We raise our voices against violence and the ways in which it pervades our national life. The acceptance and propagation of violence has been an essential part of the national culture, from the dispossession of the Native Indians and Mexicans of their land, to the enslavement and exploitation of Africans, Chinese and others, to contemporary wide scale police brutality and massive incarceration. Our deeply rooted culture of violence is increasingly taking the form of targeted as well as random murders; it is entrenched in all our institutions and systems. It characterizes our international engagements, including interventions in Third World countries to seize control of resources and the support of dictators who support US interest and oppress their own people. The United States Government instigates wars of aggression where there has been no threat to our country, and now uses drones, an even more insidious form of war and the culture of death.
Those in power have abused and exploited the environment, rather than co-existing with it or practicing mindful stewardship. This will to exploit, which does not take into account the ways the Earth may be destabilized, has brought us to the environmental crises that we face today, including massive pollution of our air and water resources, global warming resulting in climate chaos, and other threats to the ecosystem of our planet.
Too many citizens have supported these forms of environmental abuses, domestic and international violence and oppression by not speaking out against them. We call on our leaders and our fellow citizens to break with the preference for violence, and to insist that national resources be put to the healing of the natural environment, and to the creation of programs that will bring a higher quality of life for all people, to further insist that funds previously allocated to the buildup of nuclear weaponry and other military programs be diverted to the repair and building up of the national infrastructure, educational system, health and welfare services, all of which will provide much-needed employment for the millions of jobless among us.

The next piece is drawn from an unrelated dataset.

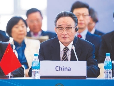 2013年1月28日,吳邦國同志在俄羅斯符拉迪沃斯托克出席亞太議會(huì)論壇第21屆年會(huì),并作題為《堅(jiān)持和平發(fā)展 促進(jìn)合作共贏》的主旨發(fā)言。新華社記者 王 曄攝

We acknowledge that the reality picture we have painted is challenging and reflects a period of danger; it can be a cause for despair by many. We urge you, however, to believe with us that inherent in great danger is also great opportunity. Let us seize on the opportunity and in the inspiring words of Dr. Martin Luther King Jr. “to hew out of this mountain of despair” stones of hope. History has given all of us – but especially the young generation of the 21st century, the opportunity to forge non-violent hearts, non-violent lives that will result in a caring, nonviolent society. As elders, we pledge to our nation and especially to our younger brothers and sisters, that we will be faithful to our own history as human rights workers. We will undertake with you the work we have called for in this statement as fully as our lives allow, doing everything in our power to bring a greater measure of justice, equality, and peace to our country and to the world.